WHAT TO DO:
In the data below, find the line containing "Selbstklebende Ziffern und" and the line containing "1.常年溫度為5℃~35℃的場所  2.相對濕度:不大于85% R·H.3 大氣壓:86~106kPa 3.周圍無強烈振動", then reproduce them and every line between, exactly. Omit pictures.

RECORDS PROVIDED:
--- START ---

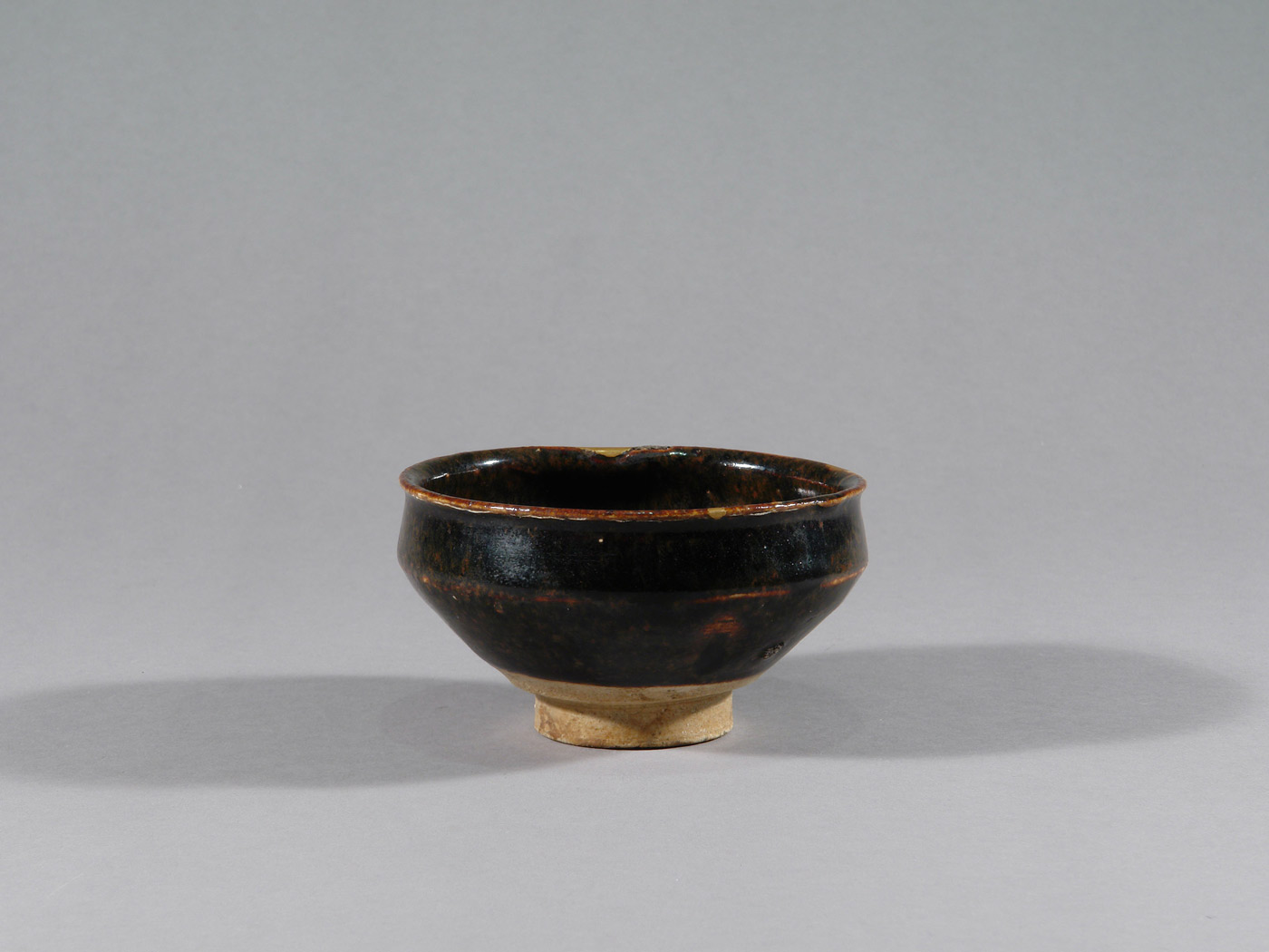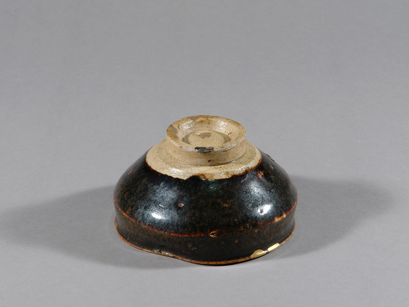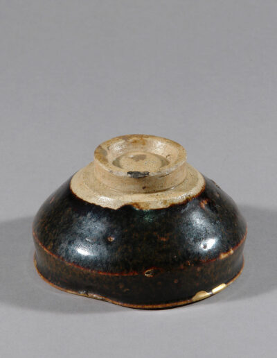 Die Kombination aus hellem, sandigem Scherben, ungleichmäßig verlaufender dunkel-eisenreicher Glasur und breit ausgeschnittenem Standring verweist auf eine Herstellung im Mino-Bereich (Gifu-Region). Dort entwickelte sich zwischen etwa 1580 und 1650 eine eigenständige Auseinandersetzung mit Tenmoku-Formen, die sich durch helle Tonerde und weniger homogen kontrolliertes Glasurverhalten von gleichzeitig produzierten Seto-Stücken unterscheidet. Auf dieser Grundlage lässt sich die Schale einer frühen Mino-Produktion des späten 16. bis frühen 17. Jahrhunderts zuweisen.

--- END ---
--- START ---

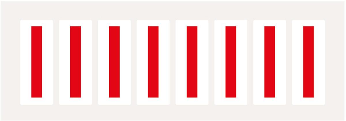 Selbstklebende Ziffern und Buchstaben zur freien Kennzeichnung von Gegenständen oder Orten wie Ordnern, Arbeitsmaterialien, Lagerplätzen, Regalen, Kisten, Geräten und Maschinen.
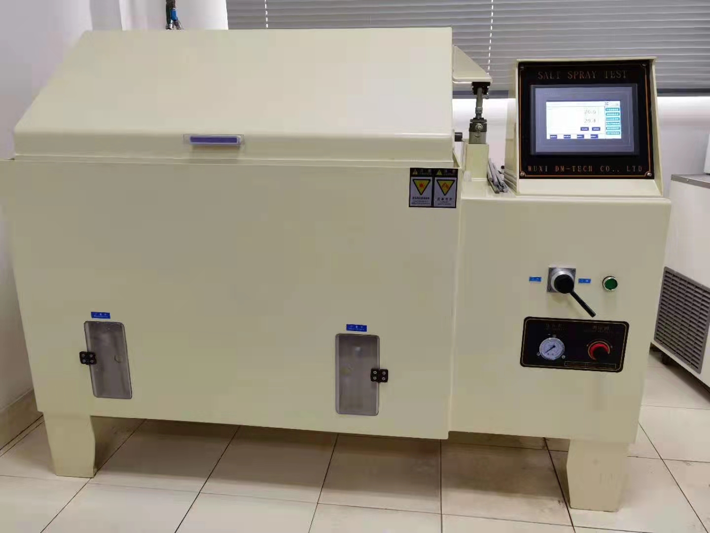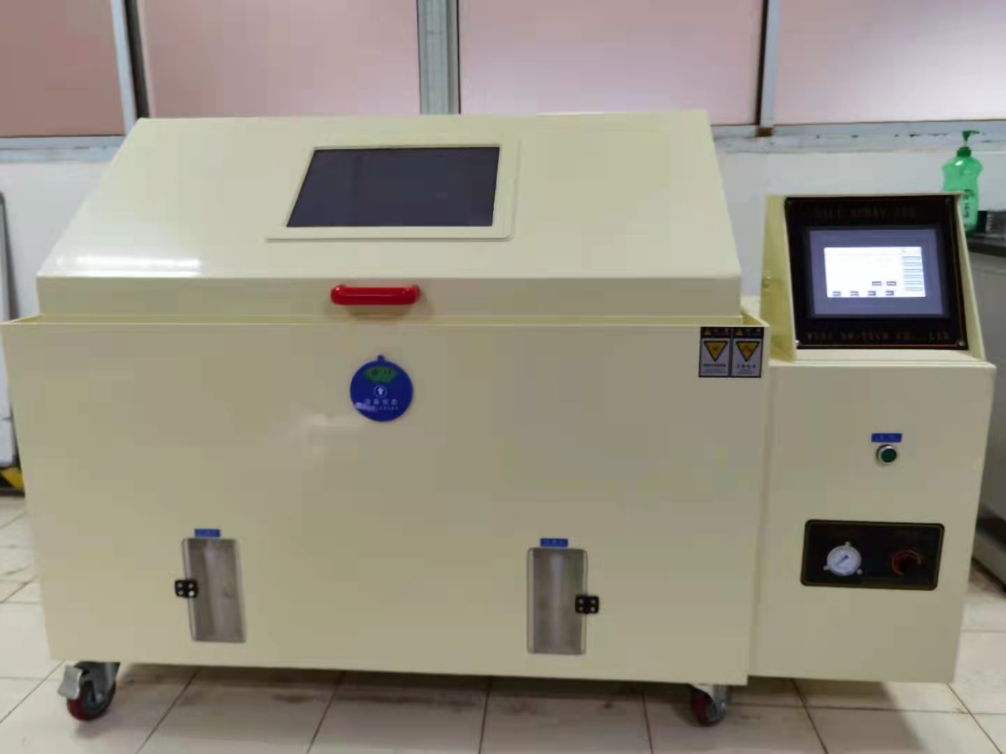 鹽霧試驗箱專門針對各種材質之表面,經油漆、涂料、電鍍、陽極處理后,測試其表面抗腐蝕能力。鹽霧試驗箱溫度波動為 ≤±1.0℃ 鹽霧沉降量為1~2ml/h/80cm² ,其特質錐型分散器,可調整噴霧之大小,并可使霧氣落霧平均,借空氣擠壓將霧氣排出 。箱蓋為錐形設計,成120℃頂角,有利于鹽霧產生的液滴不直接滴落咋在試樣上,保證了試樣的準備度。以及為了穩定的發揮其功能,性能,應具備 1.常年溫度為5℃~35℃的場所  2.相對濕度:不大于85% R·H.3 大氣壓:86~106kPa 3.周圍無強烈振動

--- END ---

ANSWER BELOW:
 Selbstklebende Ziffern und Buchstaben zur freien Kennzeichnung von Gegenständen oder Orten wie Ordnern, Arbeitsmaterialien, Lagerplätzen, Regalen, Kisten, Geräten und Maschinen.
 鹽霧試驗箱專門針對各種材質之表面,經油漆、涂料、電鍍、陽極處理后,測試其表面抗腐蝕能力。鹽霧試驗箱溫度波動為 ≤±1.0℃ 鹽霧沉降量為1~2ml/h/80cm² ,其特質錐型分散器,可調整噴霧之大小,并可使霧氣落霧平均,借空氣擠壓將霧氣排出 。箱蓋為錐形設計,成120℃頂角,有利于鹽霧產生的液滴不直接滴落咋在試樣上,保證了試樣的準備度。以及為了穩定的發揮其功能,性能,應具備 1.常年溫度為5℃~35℃的場所  2.相對濕度:不大于85% R·H.3 大氣壓:86~106kPa 3.周圍無強烈振動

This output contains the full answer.